By Mukasiri Sibanda
As a concerned citizen, and a socio-economic justice activist, I am disturbed by how the pandemic, COVID-19, is piling more pressure on progress towards the realisation of socio-economic rights.
Before COVID-19, developing countries like Zimbabwe were struggling to provide access to quality, reliable and affordable essential services. Education, health, water, food and shelter are part of the basic rights guaranteed by the Constitution. Openly, the Constitution acknowledges that the provision of essential services to the public is subject to the limitation of resources available.
Obviously, how government intends to mobilise and utilise revenue has a huge bearing on the realisation of the socio-economic rights. Citizens must therefore hold government accountable by actively participating in the design and implementation of fiscal policies that has a direct bearing on the fragility or strength of the State to provide them with essential services. And public pre-budget consultations are an important space for stakeholders, particularly citizens, to influence how government plans to raise and spend revenue.
Taxation critical to closing inequality gap
Government’s primary source of revenue is taxation; citizens and corporates are the contributors. Before we jump to the expenditure side of the budget, taxation is the first port of call when it comes to the agenda of fighting inequality in line with the Sustainable Development Goal (SDG) number 10.
For those who love soccer, the jersey number 10 is usually imperatively reserved for the most creative and influential player in the team, like Lionel Messi for Barcelona. This is just to illustrate how important the fight against inequality is, hence the symbolic number 10 of the team of UN’s Sustainable Development Goals (SDGs).

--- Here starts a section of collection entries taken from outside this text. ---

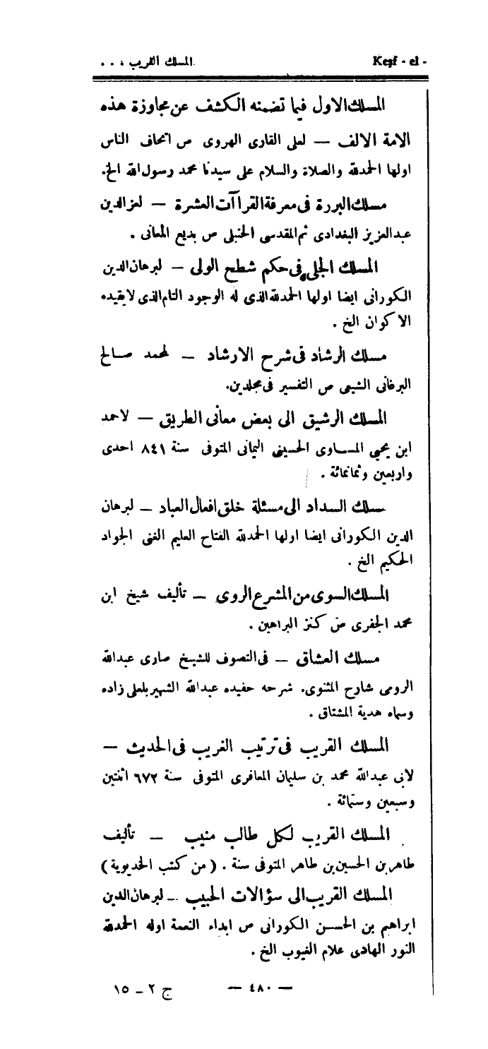 (من كتب الخديوية) المسلك القريب إلى سؤالات الحبيب - لبرهان الدين إبراهيم بن الحسن الكوراني ص إبداء النعمة اوله الحمدلله النور الهادي علام الغيوب الخ.
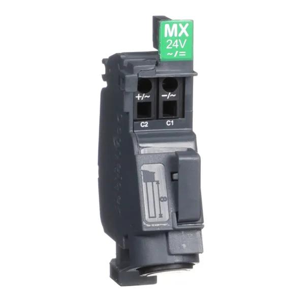 Для автоматических выключателей Schneider Electric, серии Compact NSXm. Используется для дистанционного управления, позволяет отключить автоматический выключатель при подаче напряжения на его катушку. Он устанавливается внутри корпуса автоматического выключателя и воздействует на механизм расцепителя. Расцепителем управляют с помощью кнопки, ПЛК или реле напряжения.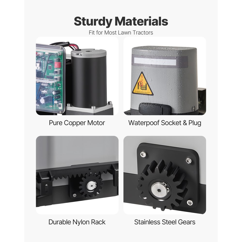 Diseño duradero para entornos hostiles: Fabricado con una carcasa de aluminio fundido y ABS, este abridor de portones corredizos es duradero y resistente a daños. La cremallera de nailon ofrece una gran resistencia a los impactos, mientras que los engranajes de acero inoxidable son altamente resistentes a la corrosión, duraderos y robustos. Con una clasificación IP44 de resistencia al agua y al polvo, funciona de forma fiable en cualquier condición climática

Understanding the roles of taxation
The four roles of taxation are quite crucial for citizens to understand its massive influence to their standard of living. Taxation is a tool of revenue raising for government to fund the delivery of essential services to its citizens; it can be used to redistribute wealth; it can be used to discourage the consumption of toxic goods like alcohol and tobacco; and it gives citizens a voice in the generation and utilization of public funds.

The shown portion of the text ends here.